Gordon stood there fuming in silent rage. Finally, he turned away from the Joker and walked to the door of the cell, motioning for Chief O’Hara to follow. O’Hara put his head close to the Commissioner’s.

“You can’t be considerin’ it, Commissioner,” he said in a hushed whisper.

“What choice do I have?” Gordon whispered back. “You know the timetable we’re on! If that girl isn’t found soon–!” Gordon didn’t finish the sentence; O’Hara knew how it ended.

“But Commissioner, we’re talkin’ about the Joker!” O’Hara insisted. “Think of what could happen!”

“I am thinking, Chief,” Gordon whispered. “I’m weighing the risks. We have the possibility of the Joker escaping… and we have the reality of Jennifer Coleworth.” Gordon turned back around to face the Joker.
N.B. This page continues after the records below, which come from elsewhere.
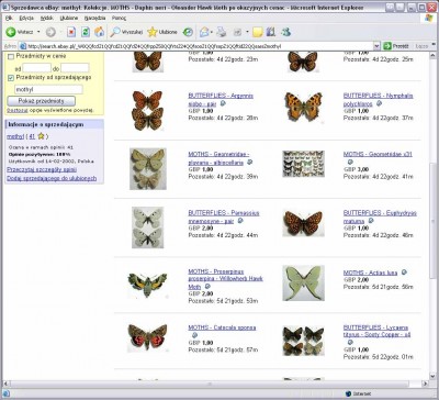 Wydaje mi się, że motyle nie są polskie, w każdym razie złowienie u nas np. Actias luna, czy choćby Polyommatus damon, Zerynthia polyxena i Saturnia pyri jest nierealne. Tym niemniej samo oferowanie do sprzedaży gatunków chronionych jest mocno nie na miejscu. Czyżby sprzedający o tym nie wiedział? A może to jest podpucha?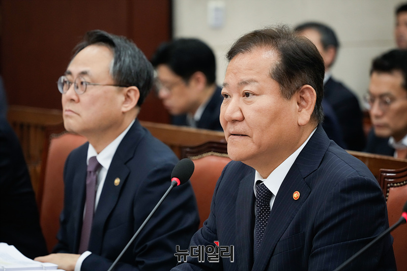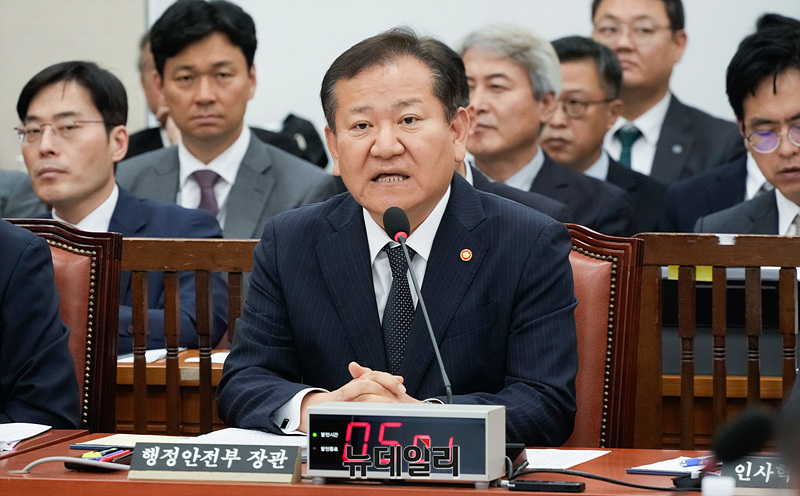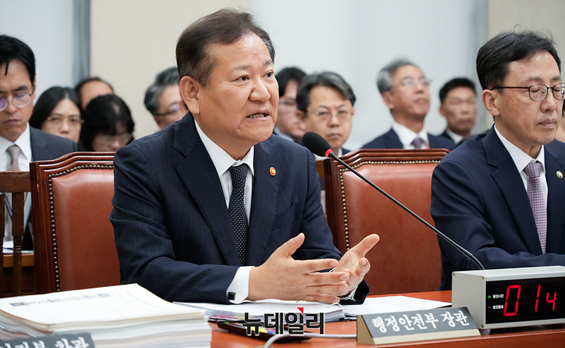 이상민 행정안전부 장관이 7일 오후 서울 여의도 국회에서 열린 국회 행정안전위원회의 행정안전부, 인사혁신처 등에 대한 국정감사에서 의원들의 질의에 답하고 있다.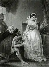 From martyrology and poetry, Jane finally made it on to the stage in the early Jacobean period in Sir Thomas Wyatt by John Webster and Thomas Dekker, where she takes on the role of a tragic lover. The play was probably largely based on an earlier lost play called Lady Jane. This theme was taken up later in the century by John Banks, a Restoration playwright, in his Innocent Usurper: or, the Death of Lady Jane Grey. Here Jane is only persuaded to accept the crown after her husband, Lord Guilford Dudley, threatens to commit suicide if she does not. First printed after the Glorious Revolution, there is also a strong anti-Roman Catholic dimension to Banks's play, which presumably appealed to the audiences of the day.

“Here are the terms, Joker,” Gordon said evenly. “Chief O’Hara and I will be constantly at your side from the minute you leave this facility. We’ll be like Siamese triplets, we three. You solve the riddles, you find Nigma, you lead us to him. The police do the rest and rescue the girl. Then you will be brought right back here, to this very cell. Understood?”

“Understood, Commish,” the Joker said. “I just have one more question.”

“What is it?” Gordon asked, suspiciously.

“What’s so special about this case? Obviously there’s a catch, or you’d never even think of asking me for help. I’ve got to be the lesser of two evils, and I’m curious to know what could possibly be the greater. So clue me in, Jimmy ol’ pal. What’s the four-one-one?”

Gordon sighed and told the Joker what was so special about this case. The Joker’s eyes bulged with surprise, then he threw back his head and laughed.